In a webcast announcement, University of Utah researchers David Carrier and Steven Naleway, along with recent graduate Ethan Beseris, were awarded the 2021 Ig Nobel Peace Prize for a study exploring whether beards may serve an evolutionary purpose to protect the jaw during a fistfight.
The lighthearted awards, presented by Marc Abrahams of the science humor magazine Annals of Improbable Research, are a counterpoint to the mainstream Nobel Prizes, which will be awarded in October. Ig Nobel Prizes, awarded since 1991, are intended to celebrate science that “first make people laugh, and then make them think.” The U study is among this year’s 10 awardees.
This is the U’s first Ig Nobel Prize, and the story was immediately picked up by the media across the globe including in The Guardian , the South China Morning News, and across the country, including The Washington Post.
“Usually they give the awards to out-of-the-box questions, and that’s an important part of what science is about,” says Carrier, an evolutionary biologist and professor in the School of Biological Sciences, who adds that he pondered at first whether it was an award he wanted to accept. “I’m quite happy at this point. There was trepidation at first, but now that’s gone.”
“I honestly think it’s pretty cool that we got selected as Ig Nobel Prize laureates,” says Naleway, an assistant professor of mechanical engineering. “I am a big believer in the fact that there’s a lot of value to research that’s approachable for people.”
“It’s an honor to be an Ig Nobel Laureate,” says Beseris, who conducted the study as part of his undergraduate thesis. “I’m grateful to their organization for recognizing less traditional branches of science and giving our work a larger platform to be heard. Radical questions test the boundaries of our field and I believe it’s important that they receive attention.”
Bearded pugilists
The study, published in April 2020 in Integrative Organismal Biology, continues a line of research that Carrier has been pursuing for years. Given that humans are the only primates who fight by punching, could there be other aspects of human anatomy that evolved in connection with fisticuffs?
That question is called the “pugilism hypothesis” and Carrier has explored how different features unique to us among primates (planted heels, proportions of face bones, ability to form a fist and upper arm strength in males) specialize humans, particularly males, for fighting by punching.
“And so the beard, which our study shows provides some protection to some of the most vulnerable parts of the face when people punch, is just one more piece of the series,” Carrier says.

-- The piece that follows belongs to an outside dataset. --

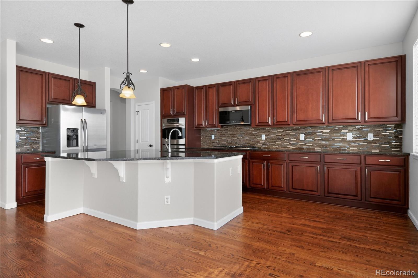 Unbelievable home filled with impressive upgrades throughout! The expansive kitchen is a true showpiece, featuring cherry cabinetry, slab granite countertops, stainless steel appliances including double ovens, refrigerator, microwave, dishwasher, and gas cooktop. Additional highlights include two fireplaces, a dedicated study, hardwood floors, iron balusters, a large laundry room, and a spacious bonus room upstairs offering flexible living space. Retreat to the generous primary suite with stunning mountain views and a luxurious five-piece bath complete with an oval soaking tub. Two oversized secondary bedrooms provide ample space and comfort. Step outside to a peaceful backyard sanctuary with a fire pit and flagstone patio, perfect for relaxing, entertaining, and enjoying breathtaking Colorado sunsets. This home truly offers it all...check it out!

The researchers covered a fiber epoxy composite material similar to bone with sheep fleece, an analog for facial hair. They then dropped different weights onto the samples and found that samples with fleece absorbed 37% more energy than hairless samples and could withstand 16% more force before breaking.
Naleway’s involvement stems from his research in biomechanics and materials science. “If you talk to the researchers who do this kind of work, some of that biomechanics component is kind of missing,” he says, “and it can help us understand what’s going on, which obviously for this application of protection is incredibly important.”
Why does this matter from an evolutionary perspective?
“The beard covers the mandible, which is one of the primary targets,” Carrier says. “And when it breaks, without an orthopedic surgeon you’re in big trouble. If you broke a jaw 5,000 years ago, that was a life-threatening injury.”
Beseris says that studies of the pugilism hypothesis help us understand humans’ aggressive tendencies. “Evolution leaves clues in our anatomy that we can observe and document,” he says. “I believe these are the building blocks of how we address larger societal issues such as war, class disparity and racism.”
Notorious science
The work was previously awarded the 2020 Pineapple Science Prize in Physics, an analog to the Ig Nobel awards, presented in China by the Zhejiang Science Museum and science website Guokr.
Last year’s Ig Nobel awards included the diagnosis of misphonia, the distress at hearing other people chew, and the changes to the shape of an earthworm when it’s vibrated at high frequency.
This year the awards ceremony includes presentations of awards by “genuinely bemused genuine” Nobel laureates, an original mini-opera, very brief lectures on topics from drinking coffee to baby-washing technology and, according to the ceremony website, lots of paper airplanes.